KNIME provides many nodes to read and write data from and to different sources in various formats. Besides accessing files it is also possible to connect to databases or Hadoop (Hive, Impala) in order to fetch or write data.
The KNIME software provides various reader nodes to read data from different file formats. The most common formats for storing data in files are csv-like formats. The File Reader node and sometimes, more specifically, the CSV Reader are used in KNIME to read these kinds of files.
The File Reader node reads all kinds of text files and estimates what the proper settings, such as column separator and column type should be during the configuration of the node. Settings can be further adjusted if the File Reader guess was not 100% correct.
Microsoft Excel files can also be read with the XLS Reader node.
Additional file formats, such as PMML, XML, R, PDF, Microsoft Word, ARFF and many more can be accessed with the appropriate reader node.
Similar to the reader nodes, writer nodes write data to files in a variety of formats. Use the CSV Writer node to write data to a file in CSV format or the XLS Writer to write data to an Excel sheet. Again, other formats, such as PMML, XML, or ARFF can also be used to write data to a file.
Many reader and writer nodes support URLs. This means that you can specify a URL from which to read (or write) a file. The file can either be located on your local machine or on a remote KNIME Server or web server, or a server that is accessible via ssh. The following video shows you how to use URLs in the writer nodes. The same holds for many reader nodes.

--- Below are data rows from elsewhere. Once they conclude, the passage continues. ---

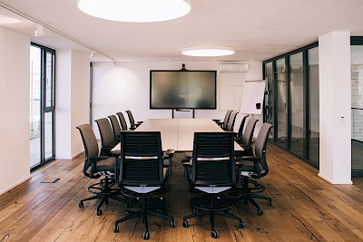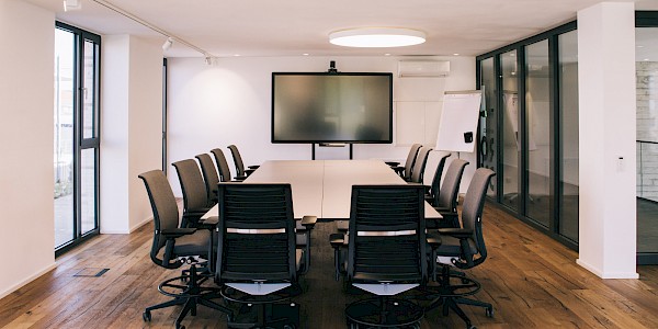 Unser Conference Room mit 12 Plätzen und einem Clevertouch Display eignet sich bestens für ihr nächstes Meeting.
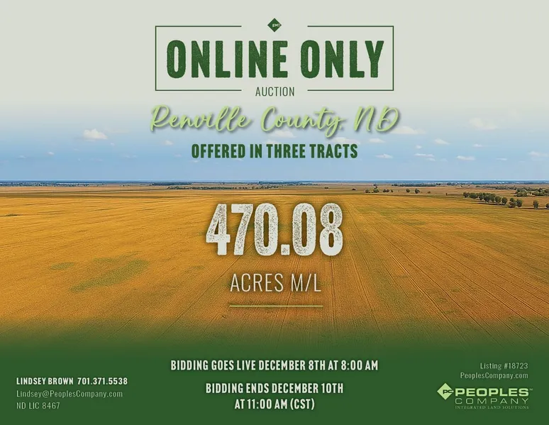 The auction will be conducted on the Peoples Company Bid Wrangler auction platform. The bidding will open on Monday, December 8th, 2025, at 8:00 AM (CST) and will conclude on Wednesday, December 10th, 2025, at 11:00 AM (CST). Any bid placed in the final three minutes of the auction will extend bidding for an additional three minutes on ALL TRACTS. The farm will be sold on a price-per-acre basis. Take advantage of this opportunity to own a piece of prime Renville County, North Dakota farmland.
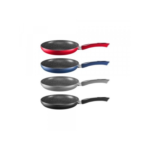 | Karakteristike | Prečnik 22 cm. Grejna površina: 14,7 cm. Ukupna dužina tiganja sa ručkom: 43 cm. Visina: 4 cm. Boje: crvena, plava, siva. Materijal: aluminijum. Podloga se ne lepi. Drška je otporna na toplotu. |
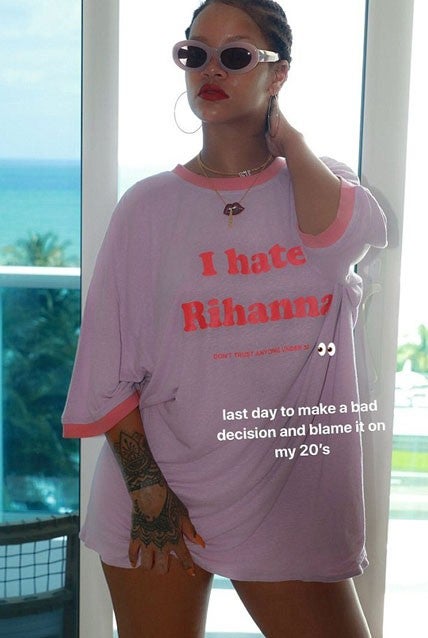 The R&B singer turned another year older on Tuesday, but prior to her monumental birthday, she was hell-bent on acting like a woman in her 20s. On her Instagram story, Rihanna posted a photo of her posing in an oversized pink T-shirt, with the message: "I hate Rihanna. Don't trust anyone under 30."
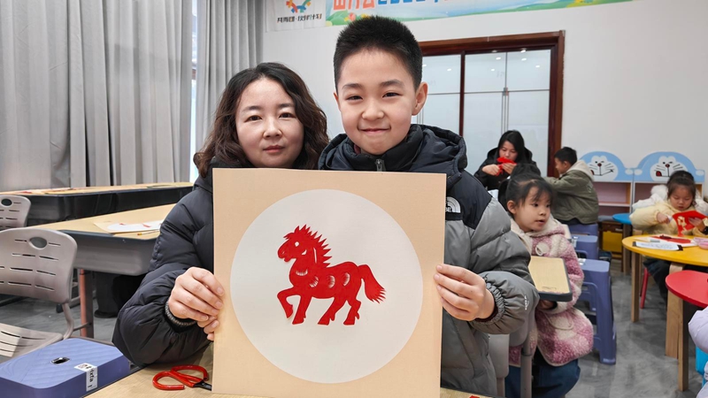 在随后的剪纸课上,省级非物质文化遗产传承人周玉梅为职工和孩子们讲解了剪纸的历史渊源,并演示了线条处理与细节把握的技巧。她手把手指导大家从折叠红纸开始,逐步剪出活灵活现的小马图案。孩子们专注投入,不时互相展示作品,现场洋溢着欢声笑语。
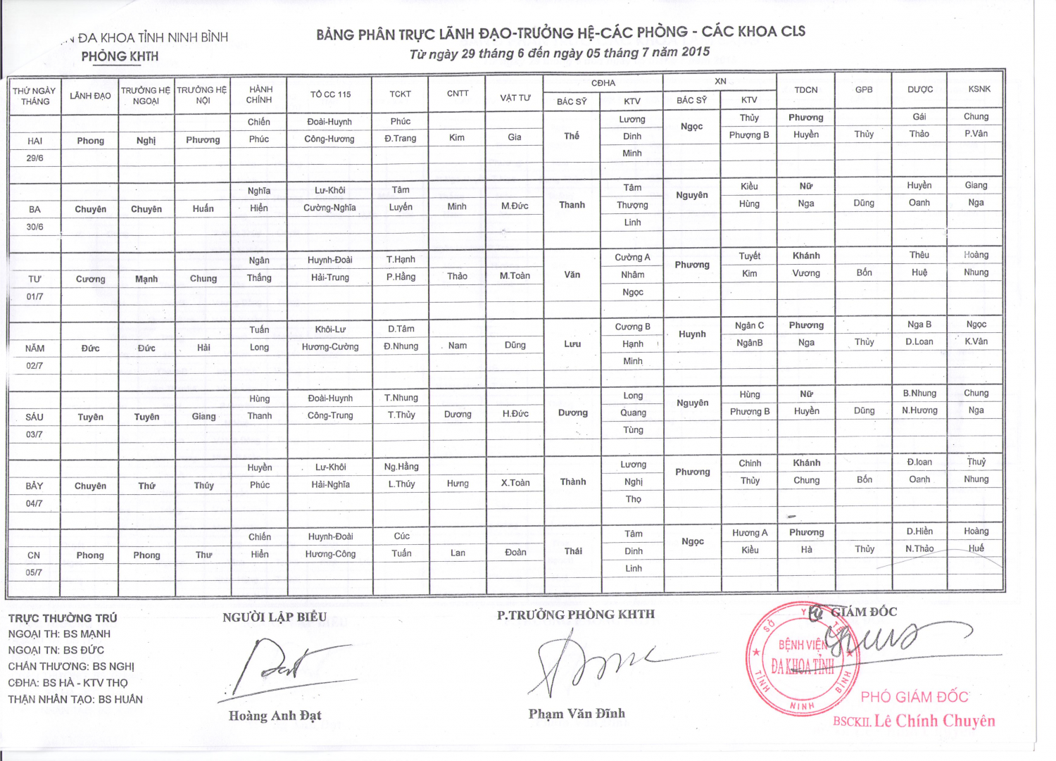 Từ ngày 29 tháng 6 đến ngày 5 tháng 7 năm 2015 (lãnh đạo-trưởng hệ-các phòng-các khoa LS)
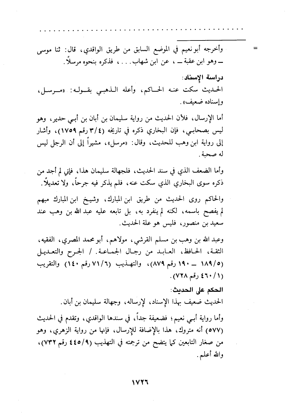 وأما رواية أبي نعيم؛ فضعيفة جداً، في سندها الواقدي، وتقدم في الحديث (577) أنه متروك، هذا بالِإضافة للإرسال، فإنها من رواية الزهري، وهو من صغار التابعين كما يتضح من ترجمته في التهذيب (9/ 445رقم 732)، والله أعلم.
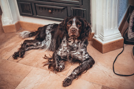 Sad Dog breed English Springer Spaniel is lying down on the floor and waiting for his family, the owner home. A sad pet is alone at home, lying and waiting for the return of his friends. Stay at home.
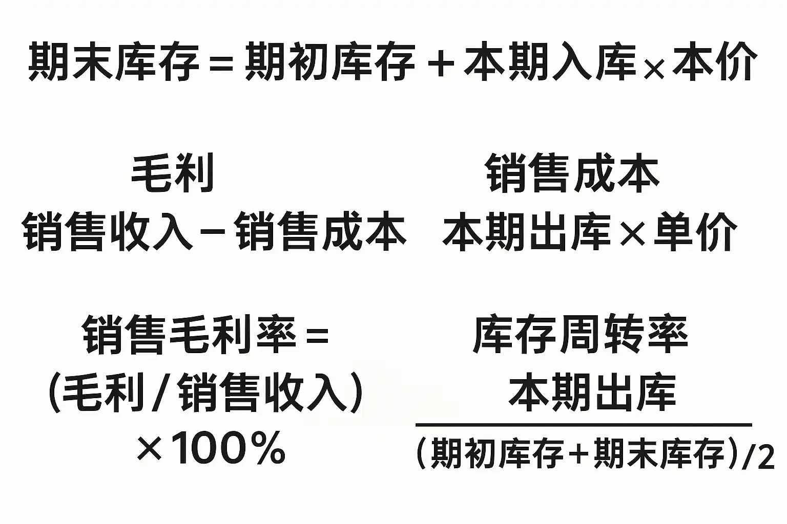 |目的|涉及公式||---|---||监控库存动态|库存余额、入库/出库统计||衡量资金效率|销售额、采购成本、利润||评估运营效率|库存周转率、毛利率|
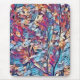Un design artistique abstrait d'un petit arbre boisé aux couleurs blues, rouges et marron.
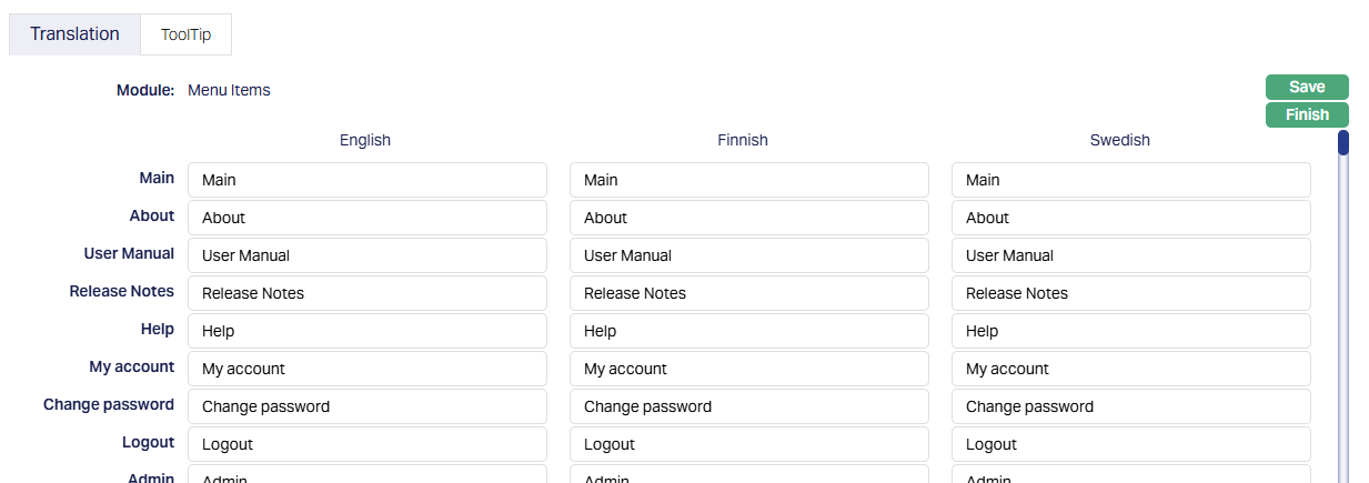 3. Click the View Tool Tip button for the sub-module you want to access. You will be taken to the translation screen where the labels are listed on the left, and language-specific columns (e.g., English, Finnish, Swedish) appear across the top. However, some modules may not display any fields for editing.

Arrange your workflows in Workflow Groups (folders) in your workspace. To create a workflow group simply right-click inside your local workspace in the KNIME Explorer view and select “New Workflow Group”. A folder is created in the workspace directory for each workflow group. Workflow Groups can also contain files. Create a “data” folder called Workflow Group, place your data files in the corresponding folder, and access them from the KNIME Explorer view. When a data file with a known format is dragged & dropped from the KNIME Explorer view into the workflow editor space, the appropriate reader node is automatically created and configured.
KNIME Explorer now supports data as well!
The Database Connector nodes enable you to connect to databases or to a selection of data, and to write and update database tables. To make use of powerful database servers or Hadoop clusters, many nodes provide in-database processing:
A number of extra nodes have been introduced to separate the connection from the table selection phase:
Using the Database Connector node it is possible to connect to any database for which a JBDC driver is registered in KNIME. In addition there are dedicated connector nodes, such as the MySQL Connector or the PostgreSQL connector that bundle the appropriate JDBC driver, so that no additional driver has to be registered in KNIME. There is a dedicated connector node for HP Vertica too.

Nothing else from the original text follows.